Re: [PATCH bpf-next 22/24] s390/bpf: Implement arch_prepare_bpf_trampoline()

Andrii Nakryiko <andrii.nakryiko@xxxxxxxxx> · Wed, 25 Jan 2023 17:15:52 -0800

On Wed, Jan 25, 2023 at 1:39 PM Ilya Leoshkevich <iii@xxxxxxxxxxxxx> wrote:
>
> arch_prepare_bpf_trampoline() is used for direct attachment of eBPF
> programs to various places, bypassing kprobes.
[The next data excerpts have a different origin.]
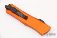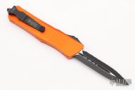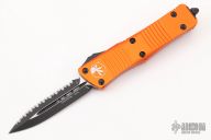 This Troodon by Microtech features a black blade with one fully serrated edge. The handle has an orange aluminum frame with black hardware and tip down clip. Dated 01/2022 and s/n 9538. Includes the original box and papers. Excellent condition.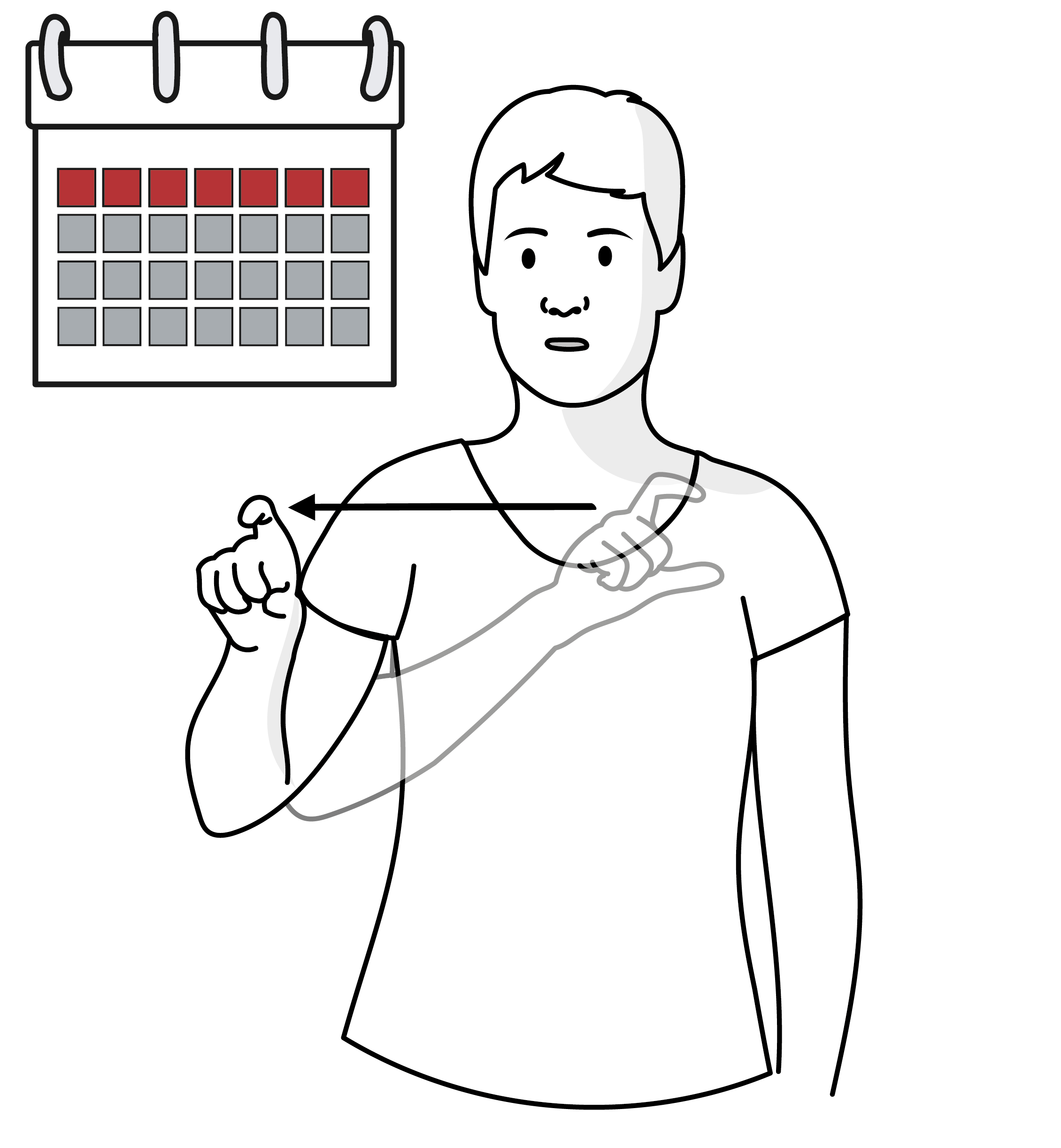 Ereignisse, die vor diesem Zeitpunkt stattgefunden haben, werden vom Oberkörper aus vor diesem Zeitpunkt verortet. Die Ereignisse, die nach dem festgelegten Zeitpunkt stattgefunden haben oder stattfinden werden, werden vom Oberkörper aus hinter diesem Zeitpunkt gebärdet.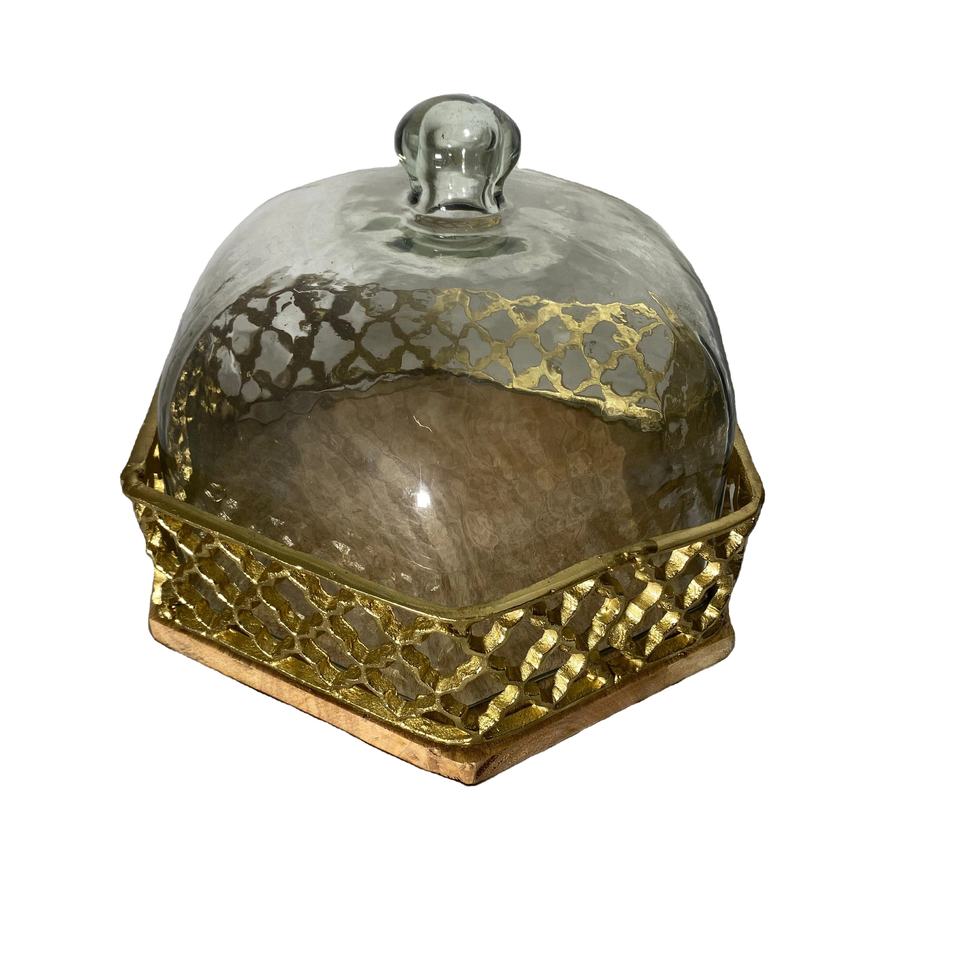 Elegant and Durable Hexagon Base Cake Dome Aluminium and Glass Display Cover for Weddings Parties Home Decor Cake Tools Tray
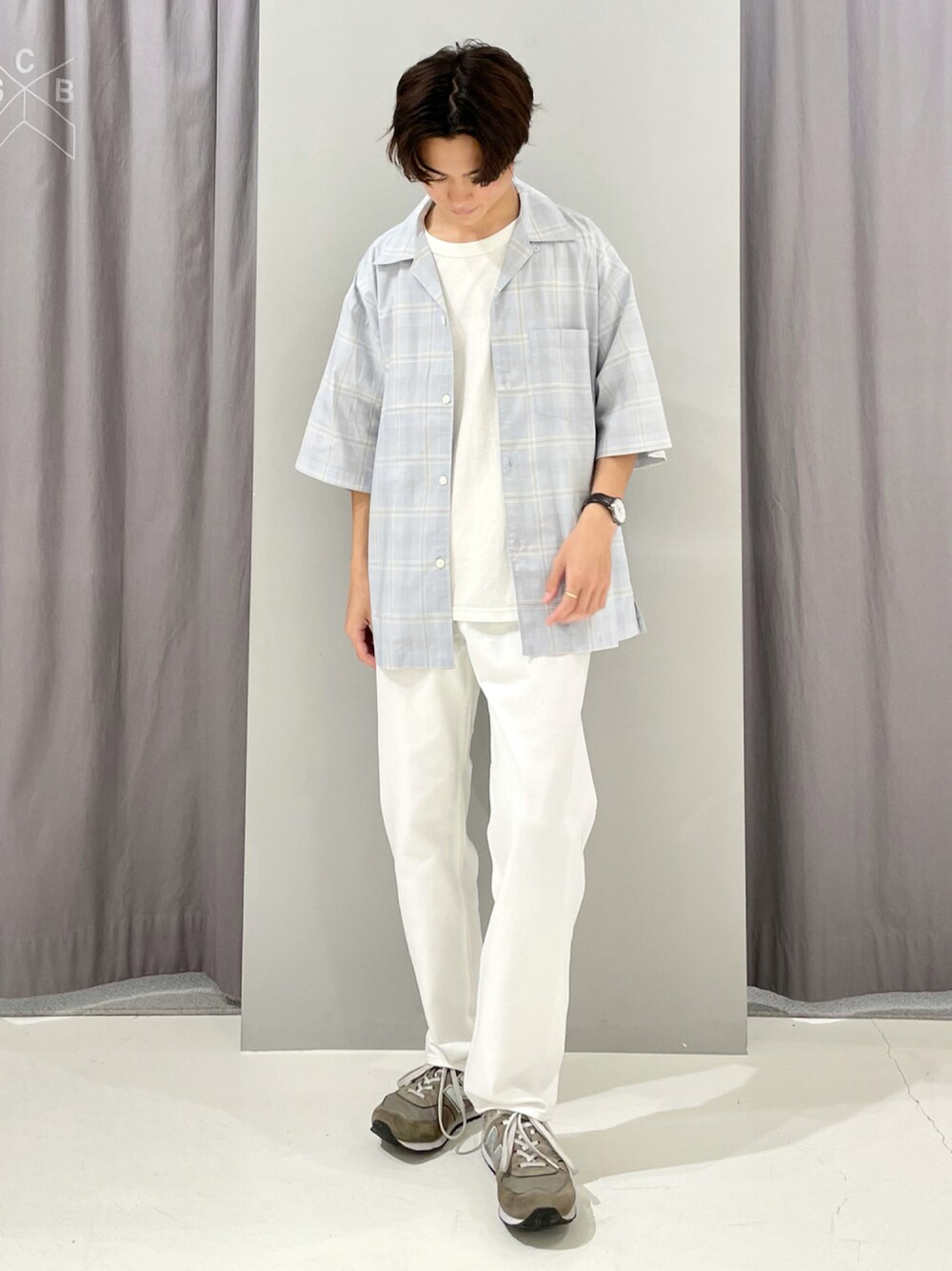 明るめカラーでまとめ、開放感のある夏コーデにしました🧁 程よいアクセントになるチェック柄シャツで、こなれ感のあるスタイルが作れます👍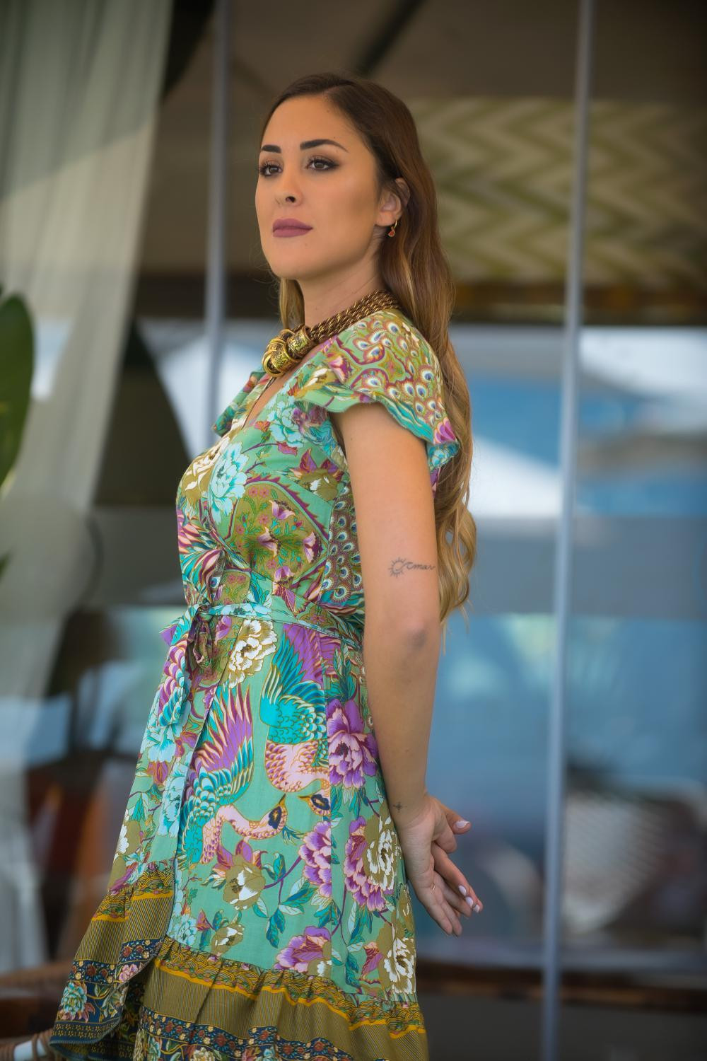 Vestido cruzado en satén media manga abullonada con doble flecos color caldera y estampado de fondo color piedra y hojas verdes y flores caldera.COMPOSICIÓN: 100%POLIESTER

It's responsible for
> calling a number of eBPF programs before, instead and/or after
> whatever they are attached to.
>
> Add a s390x implementation, paying attention to the following:
>
> - Reuse the existing JIT infrastructure, where possible.
> - Like the existing JIT, prefer making multiple passes instead of
>   backpatching. Currently 2 passes is enough. If literal pool is
>   introduced, this needs to be raised to 3. However, at the moment
>   adding literal pool only makes the code larger. If branch
>   shortening is introduced, the number of passes needs to be
>   increased even further.
> - Support both regular and ftrace calling conventions, depending on
>   the trampoline flags.
> - Use expolines for indirect calls.
> - Handle the mismatch between the eBPF and the s390x ABIs.
> - Sign-extend fmod_ret return values.
>
> invoke_bpf_prog() produces about 120 bytes; it might be possible to
> slightly optimize this, but reaching 50 bytes, like on x86_64, looks
> unrealistic: just loading cookie, __bpf_prog_enter, bpf_func, insnsi
> and __bpf_prog_exit as literals already takes at least 5 * 12 = 60
> bytes, and we can't use relative addressing for most of them.
> Therefore, lower BPF_MAX_TRAMP_LINKS on s390x.
>
> Signed-off-by: Ilya Leoshkevich <iii@xxxxxxxxxxxxx>
> ---
>  arch/s390/net/bpf_jit_comp.c | 535 +++++++++++++++++++++++++++++++++--
>  include/linux/bpf.h          |   4 +
>  2 files changed, 517 insertions(+), 22 deletions(-)
>

[...]

> diff --git a/include/linux/bpf.h b/include/linux/bpf.h
> index cf89504c8dda..52ff43bbf996 100644
> --- a/include/linux/bpf.h
> +++ b/include/linux/bpf.h
> @@ -943,7 +943,11 @@ struct btf_func_model {
>  /* Each call __bpf_prog_enter + call bpf_func + call __bpf_prog_exit is ~50
>   * bytes on x86.
>   */
> +#if defined(__s390x__)
> +#define BPF_MAX_TRAMP_LINKS 27
> +#else
>  #define BPF_MAX_TRAMP_LINKS 38
> +#endif

if we turn this into enum definition, then on selftests side we can
just discover this from vmlinux BTF, instead of hard-coding
arch-specific constants. Thoughts?

>
>  struct bpf_tramp_links {
>         struct bpf_tramp_link *links[BPF_MAX_TRAMP_LINKS];
> --
> 2.39.1
>